Le gouvernement grec qui a été formé suite à la victoire électorale de Syriza le 25 janvier avait promis de mettre fin à la cruauté absurde des mémorandums négociés par ses prédécesseurs avec les créanciers institutionnels du pays, la fameuse troïka composée du FMI, de la Banque centrale européenne (qui gère l’Euro) et de l’Union européenne (les autres gouvernements de l’Europe).

Ces mémorandums avaient été imposés suite à l’explosion de la dette publique grecque, une conséquence directe de la crise financière de 2008. Le gouvernement social-démocrate de l’époque avait décidé de sauver les banques de la faillite (comme tous les autres gouvernements aux prises avec cette même crise à l’époque), ce qui devait conduire à une spéculation rapace sur les marchés financiers quant à la capacité de l’État grec à assumer de telles dettes, avec l’effet de cercle vicieux et de prédiction pessimiste auto-réalisée qui devait s’en suivre. La spéculation a fait bondir les taux d’intérêts sur la dette grecque, ce qui a augmenté son fardeau pour l’État, forçant le pays à se mettre dans une position de dépendance envers d’autre pays de la zone Euro, principalement l’Allemagne, afin d’éviter la faillite.

Bref, la crise financière entièrement causée par la déréglementation néolibérale des marchés et institutions financières et par les comportements frauduleux des plus grandes entreprises privées de ce secteur (basées à Londres et New York) a été transférée aux États, mais tous les États n’avaient pas les mêmes ressources pour y faire face.

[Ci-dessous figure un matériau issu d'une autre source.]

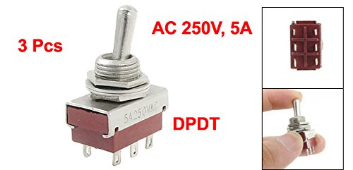 uxcell トグルスイッチ メテル 基板 AC 250V 5A オン/オン 2P2T DPDT 3個入り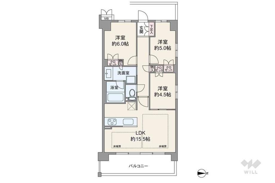 | 販売戸数/総戸数 | 1戸/125戸 | 主要採光面 | 東 | ||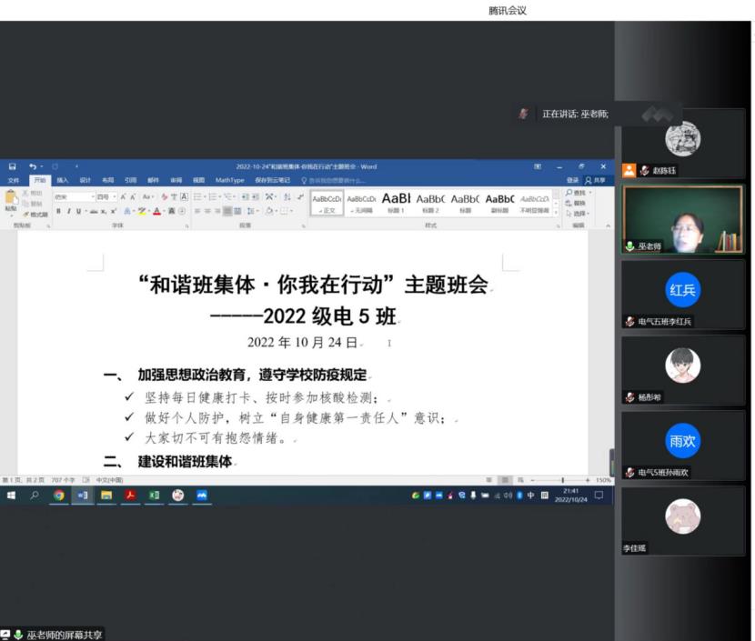 10月24日晚上,Taptap点点(188改名)2022380305班线上召开“和谐班集体·你我在行动”主题班会·,班主任巫春玲以及全体同学参会。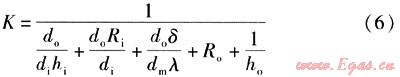 熱負荷確定后,可由總傳熱速率方程(1)求得換熱面積。其中總傳熱系數(shù)為:

La Grèce était particulièrement vulnérable en partie à cause de son insertion dans la zone Euro, qui l’avait reléguée au rang de marché déjà fortement endetté pour les produits exportés par l’Allemagne.[i]

Il faut comprendre que, dans les traités européens, il n’y a pas de mécanisme de redistribution de la richesse similaire à la péréquation canadienne ou aux programmes sociaux nationaux aux États-Unis. Même des prêts avec taux préférentiels émis par la BCE n’étaient pas une option pour l’État grec. Cette banque centrale a été privée d’un tel pouvoir délibérément afin d’exposer les gouvernements des économies plus faibles à la discipline imposée par les marchés. La politique monétaire de la BCE est basée sur les intérêts économiques des États membres les plus puissants, au premier chef l’Allemagne, au détriment des pays périphériques ou à l’économie plus faible comme la Grèce. Il a donc fallu que le gouvernement grec compose avec les marchés et paie des intérêts exorbitants. La corruption de son système politico-économique mené par une oligarchie milliardaire et appuyée sur le clientélisme des vieux partis achèvent l’essentiel du portrait.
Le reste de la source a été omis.